Case Study

Hydroacoustic Sampling Illuminates Fish Passage at Boundary Dam

Boundary Dam, one of Washington’s most dependable sources of renewable energy, is located on the Pend Oreille River about 100 miles north of Spokane. Its six turbines generate up to half of Seattle’s power requirements.

The Boundary Hydroelectric Project operates on a Federal Energy Regulatory Commission license that was set to expire in 2011. Seattle City Light contracted with Tetra Tech and Innovasea to conduct fish entrainment and habitat connectivity studies to support its relicensing application.

Washington's Boundary Dam

The goal was to estimate the number, size, species and timing of fish that may be entrained through the dam’s turbine intakes and spillways. To describe fish passage through the powerhouse and spillways, Seattle City Light employed turbine netting in conjunction with two multi-frequency digital split-beam echo sounders from Innovasea.

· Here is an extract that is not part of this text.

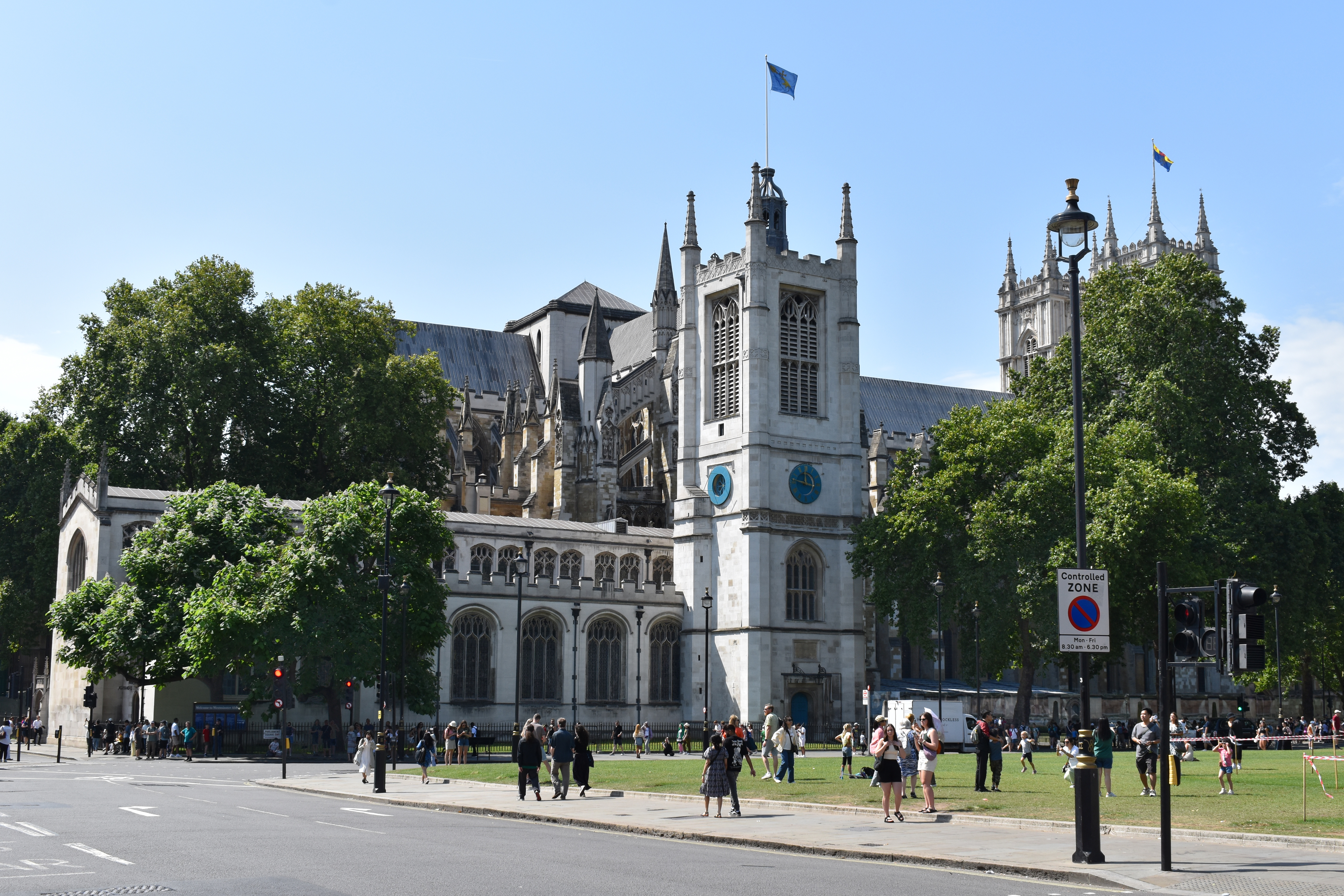 Северный вход в Вестминстерское аббатство и очередь желающих его посетить

The split-beam systems provided high temporal and spatial sampling coverage at each potential fish passage route, quantifying fish entrainment continuously over a two-year period. The study results were used to estimate fish passage at the powerhouse and spillway under different operating regimes on an hourly, daily and seasonal basis. The hydroacoustic data also summarized the fish’s size, velocity, vertical approach distributions and direction of movement.